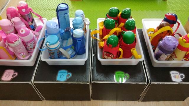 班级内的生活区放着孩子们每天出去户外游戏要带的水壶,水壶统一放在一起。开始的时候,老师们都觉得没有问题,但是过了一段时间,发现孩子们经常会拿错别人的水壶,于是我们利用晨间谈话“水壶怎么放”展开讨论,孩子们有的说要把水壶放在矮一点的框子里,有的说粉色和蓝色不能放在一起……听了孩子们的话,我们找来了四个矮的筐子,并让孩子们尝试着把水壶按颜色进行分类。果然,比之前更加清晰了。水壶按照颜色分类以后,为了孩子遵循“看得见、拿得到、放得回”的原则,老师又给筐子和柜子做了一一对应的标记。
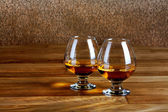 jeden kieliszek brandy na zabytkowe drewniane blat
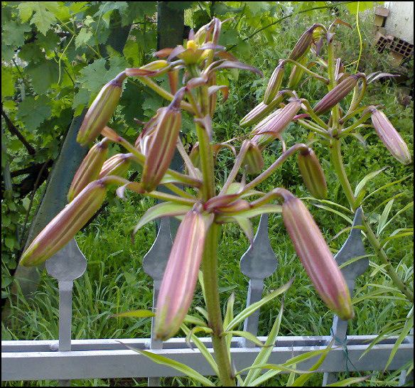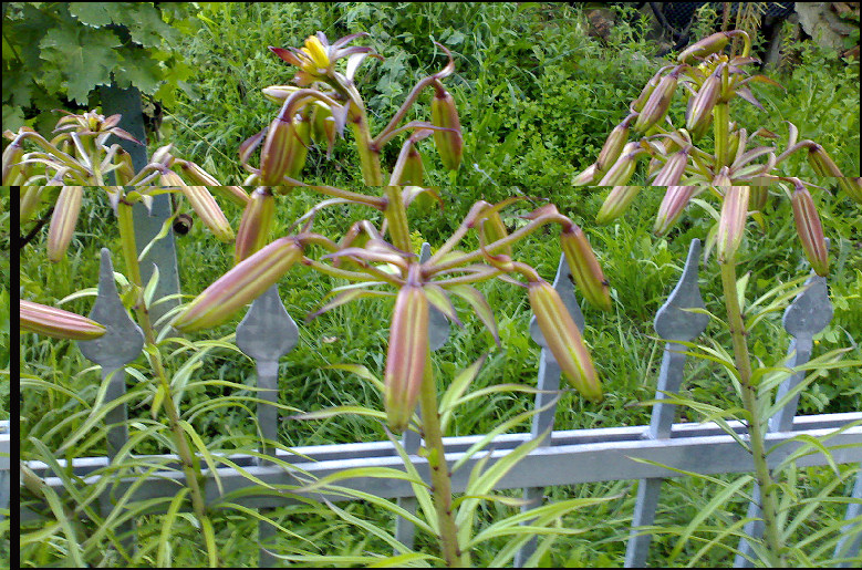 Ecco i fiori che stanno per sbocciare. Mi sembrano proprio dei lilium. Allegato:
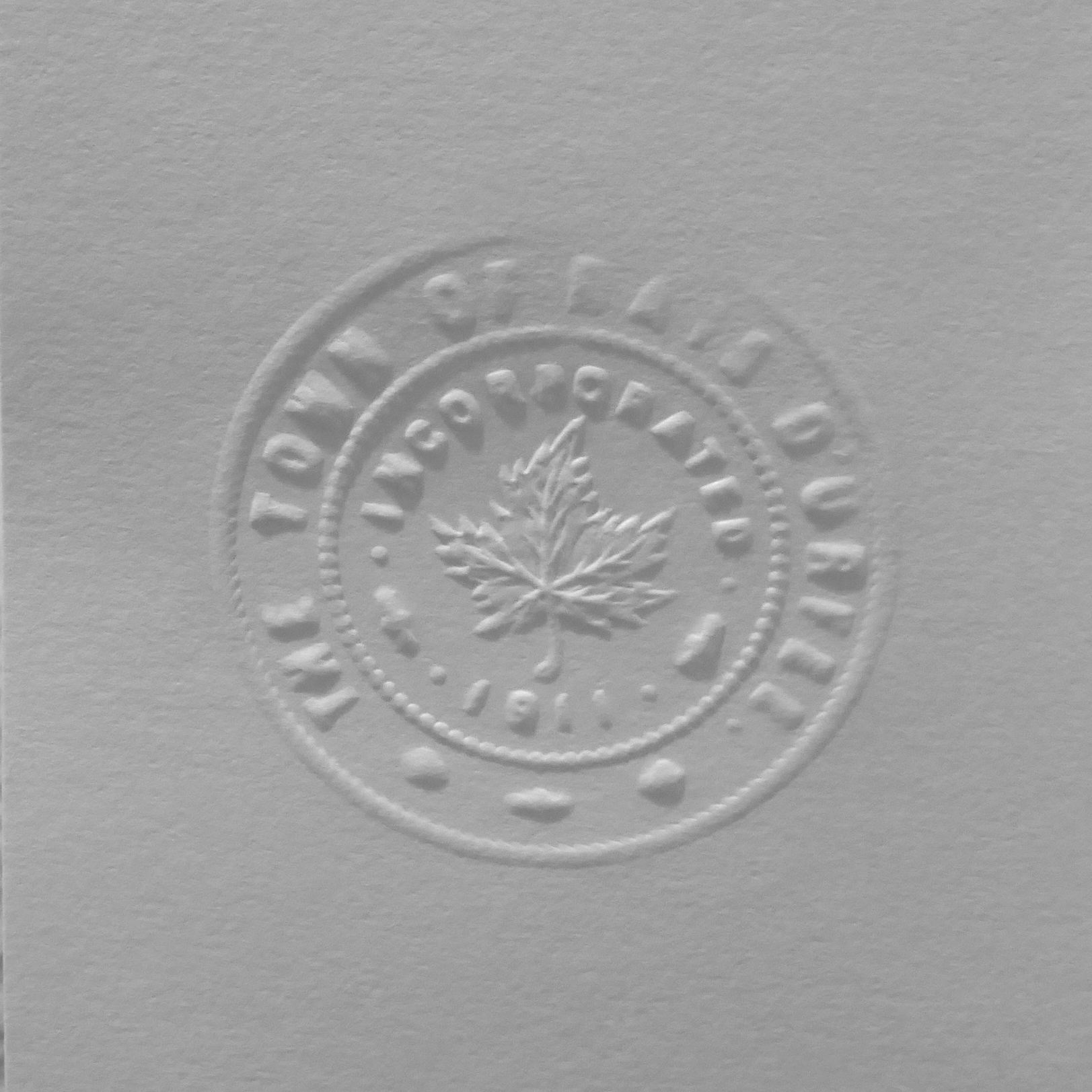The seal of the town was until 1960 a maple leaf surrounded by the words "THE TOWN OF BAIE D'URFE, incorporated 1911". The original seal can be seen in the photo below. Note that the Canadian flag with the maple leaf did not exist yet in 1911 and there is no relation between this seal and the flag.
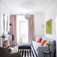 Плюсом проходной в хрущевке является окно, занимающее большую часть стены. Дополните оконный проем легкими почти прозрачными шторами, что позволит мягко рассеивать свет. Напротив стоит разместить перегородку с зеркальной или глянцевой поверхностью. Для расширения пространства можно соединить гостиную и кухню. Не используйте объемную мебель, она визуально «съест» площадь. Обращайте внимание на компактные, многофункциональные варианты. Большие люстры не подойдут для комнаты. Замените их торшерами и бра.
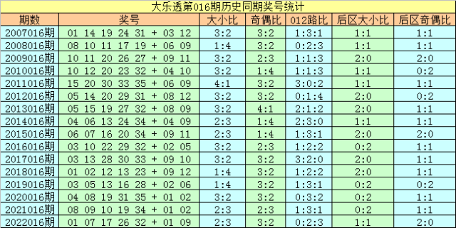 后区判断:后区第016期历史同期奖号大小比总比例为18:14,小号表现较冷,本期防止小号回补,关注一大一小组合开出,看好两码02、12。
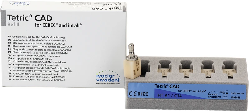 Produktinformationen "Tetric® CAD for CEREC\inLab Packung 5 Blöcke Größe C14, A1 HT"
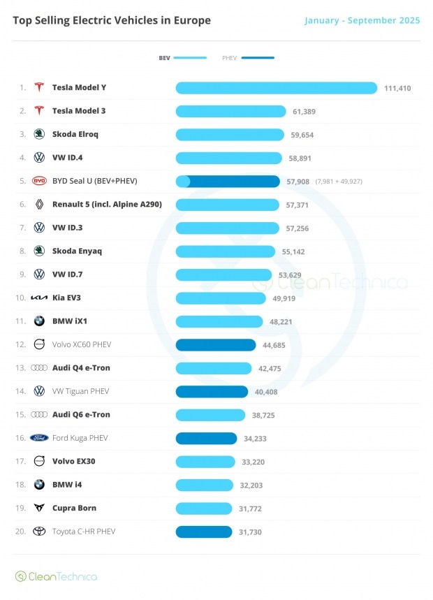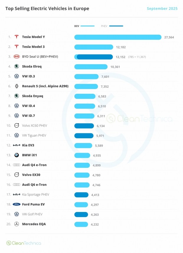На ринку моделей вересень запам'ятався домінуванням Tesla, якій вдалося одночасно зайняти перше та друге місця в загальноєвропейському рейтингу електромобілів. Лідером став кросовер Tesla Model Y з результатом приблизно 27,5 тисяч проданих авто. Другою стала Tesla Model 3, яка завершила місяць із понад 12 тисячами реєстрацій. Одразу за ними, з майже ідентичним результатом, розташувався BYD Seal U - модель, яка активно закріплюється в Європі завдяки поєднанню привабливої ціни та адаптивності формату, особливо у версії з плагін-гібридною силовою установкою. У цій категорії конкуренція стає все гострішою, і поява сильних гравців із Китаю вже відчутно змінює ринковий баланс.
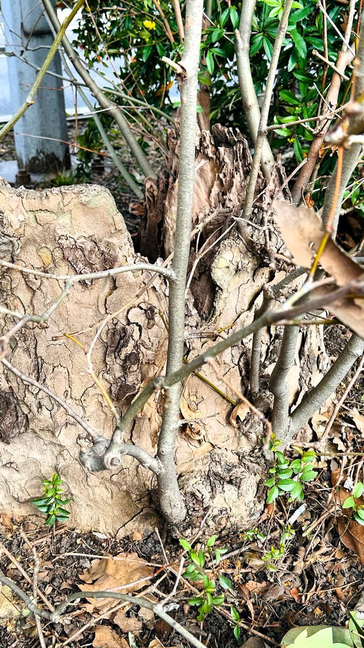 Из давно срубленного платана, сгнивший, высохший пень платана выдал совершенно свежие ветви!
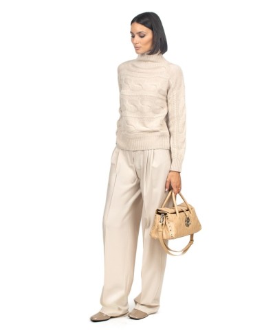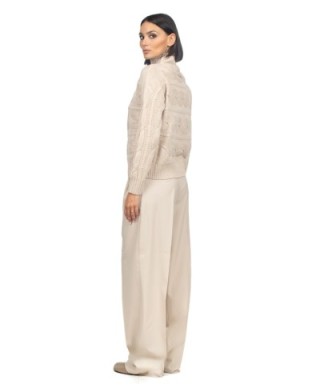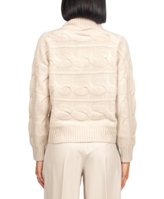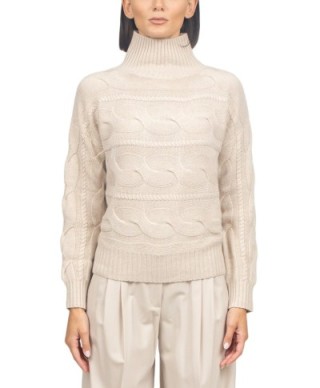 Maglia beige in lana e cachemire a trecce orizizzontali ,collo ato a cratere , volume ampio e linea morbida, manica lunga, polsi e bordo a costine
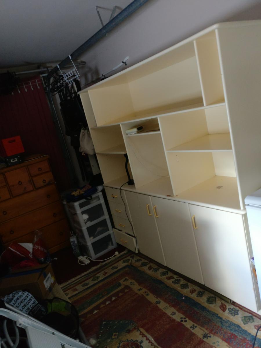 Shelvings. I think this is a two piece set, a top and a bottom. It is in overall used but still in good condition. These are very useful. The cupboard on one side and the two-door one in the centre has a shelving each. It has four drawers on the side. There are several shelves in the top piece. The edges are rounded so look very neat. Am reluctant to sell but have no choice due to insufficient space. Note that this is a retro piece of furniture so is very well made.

* * *

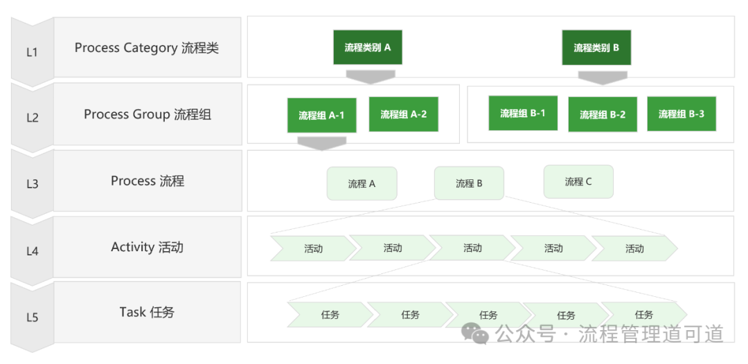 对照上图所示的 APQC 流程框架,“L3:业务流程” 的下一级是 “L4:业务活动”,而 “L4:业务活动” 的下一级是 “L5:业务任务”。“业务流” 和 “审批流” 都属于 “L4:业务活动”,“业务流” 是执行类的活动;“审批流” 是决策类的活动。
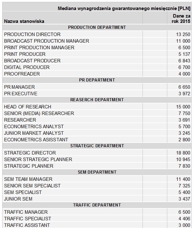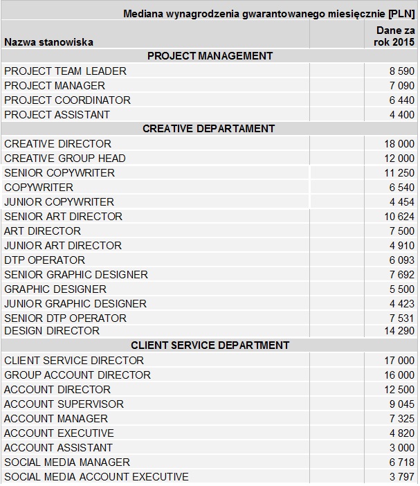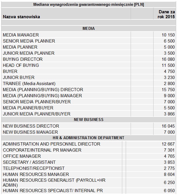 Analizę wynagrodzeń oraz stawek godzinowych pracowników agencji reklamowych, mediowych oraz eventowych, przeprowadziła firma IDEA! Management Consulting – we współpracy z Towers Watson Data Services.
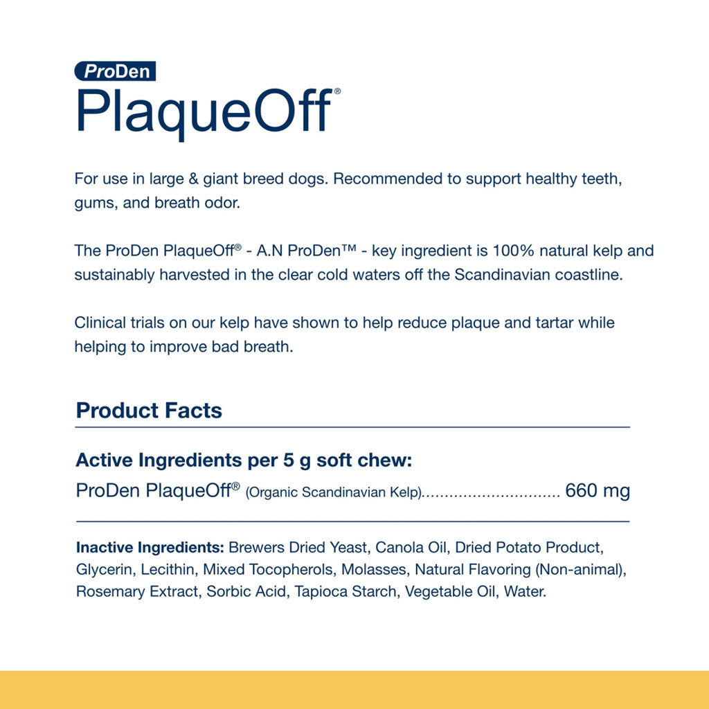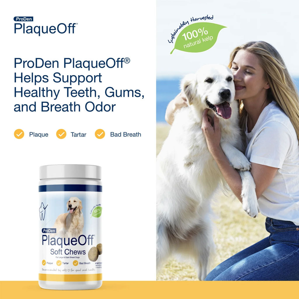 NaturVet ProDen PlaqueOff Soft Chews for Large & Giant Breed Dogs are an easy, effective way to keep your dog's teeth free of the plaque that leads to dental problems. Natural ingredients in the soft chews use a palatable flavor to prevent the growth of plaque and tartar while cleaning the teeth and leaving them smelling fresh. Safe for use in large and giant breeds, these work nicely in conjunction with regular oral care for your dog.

-- Exercise goal --
In the data above, find the line containing "Плюсом проходной в" and the line containing "Shelvings. I think". Copy exactly the stretch from the first through the second, both included, leaving out any picture.

-- Expected answer --
 Плюсом проходной в хрущевке является окно, занимающее большую часть стены. Дополните оконный проем легкими почти прозрачными шторами, что позволит мягко рассеивать свет. Напротив стоит разместить перегородку с зеркальной или глянцевой поверхностью. Для расширения пространства можно соединить гостиную и кухню. Не используйте объемную мебель, она визуально «съест» площадь. Обращайте внимание на компактные, многофункциональные варианты. Большие люстры не подойдут для комнаты. Замените их торшерами и бра.
 后区判断:后区第016期历史同期奖号大小比总比例为18:14,小号表现较冷,本期防止小号回补,关注一大一小组合开出,看好两码02、12。
 Produktinformationen "Tetric® CAD for CEREC\inLab Packung 5 Blöcke Größe C14, A1 HT"
На ринку моделей вересень запам'ятався домінуванням Tesla, якій вдалося одночасно зайняти перше та друге місця в загальноєвропейському рейтингу електромобілів. Лідером став кросовер Tesla Model Y з результатом приблизно 27,5 тисяч проданих авто. Другою стала Tesla Model 3, яка завершила місяць із понад 12 тисячами реєстрацій. Одразу за ними, з майже ідентичним результатом, розташувався BYD Seal U - модель, яка активно закріплюється в Європі завдяки поєднанню привабливої ціни та адаптивності формату, особливо у версії з плагін-гібридною силовою установкою. У цій категорії конкуренція стає все гострішою, і поява сильних гравців із Китаю вже відчутно змінює ринковий баланс.
 Из давно срубленного платана, сгнивший, высохший пень платана выдал совершенно свежие ветви!
 Maglia beige in lana e cachemire a trecce orizizzontali ,collo ato a cratere , volume ampio e linea morbida, manica lunga, polsi e bordo a costine
 Shelvings. I think this is a two piece set, a top and a bottom. It is in overall used but still in good condition. These are very useful. The cupboard on one side and the two-door one in the centre has a shelving each. It has four drawers on the side. There are several shelves in the top piece. The edges are rounded so look very neat. Am reluctant to sell but have no choice due to insufficient space. Note that this is a retro piece of furniture so is very well made.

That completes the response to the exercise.